You mean, I have to wait, I can’t start ignoring them now?
And don’t get me started on the mothers for whom a gay child was an accessory and now want the latest and greatest.
Agreed.
Although, I would also point out that trans affirmation really harms feminists the most.
I was told as a child that I could be anything I wanted to be. Girls didn’t have to be nurses or teachers. We could be CEO. We could be President. We could be anything. Being a girl had little to do with it. Like soccer? Great. Go play. Want to climb trees? Great. Go play.
Mud pies? Awesome. Go play. Dinosaurs? Awesome! Sharks? Great!
I was not restricted to dance classes and sewing.
I was told that I could wear jeans and a t-shirt and still be a girl. I didn’t have to wear a ton of makeup or wear heels everywhere. I was still a woman. And it was okay. And it was okay to like those things or enjoy sports. It didn’t make me less woman.
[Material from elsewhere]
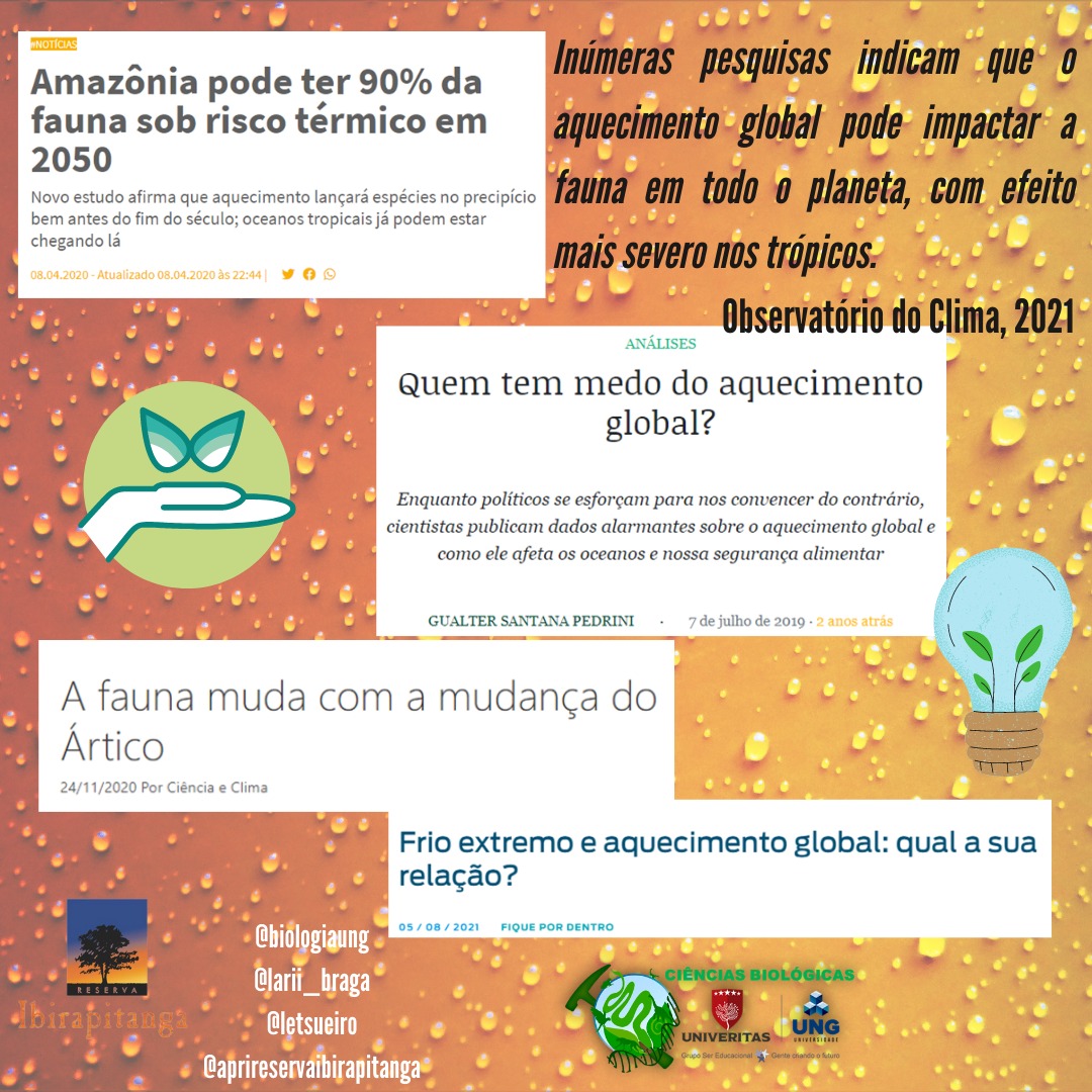 ⇒ Já que aprendemos bastante sobre os s mamíferos que temos na RRPN Rio dos Pilões, agora vamos saber como a fauna, de forma geral pode ser impactada pelas mudanças climáticas.

I fear more for the next generation of kids. Our kids’ kids. They’re being told that those things are a sign that you’re in the wrong body, that you should feel wrong in your body. Not that it is normal to be inconvenienced and irritated by hormonal shifts, boobs that grow and hurt and get in the way, and that time of the month always being right in the middle of something important that you need to do. They’re being told that not being completely delighted with all of these things means that somehow, secretly, they’re male.
I worry about that.
And at the end of the day, even if I wanted to be male (which I don’t, regardless of how manly I may or may not be), I can’t presume to know what that experience is. I could flatten my chest, cut my hair, and pack so that I could pass in public. I could take hormones and grow a beard. But I would still never know what it is like to wake up in the morning with my little buddy having ideas of what I was going to be doing in the next few minutes. I would still never know what it is like to grow up and develop like other boys (or not as other boys) and deal with male aggression/social issues. I would still never know what it felt like to get kicked in the balls. I can imagine. But I would never know.
And so, I just accept that I’m who I am. I am a woman. I might be a manly woman. But not always. Sometimes I’m more of a girly girl. Depends on the day. But that’s freakin’ okay.
We are allowed. No one is the perfect example of male/female. No one has to be in order to be their birth sex.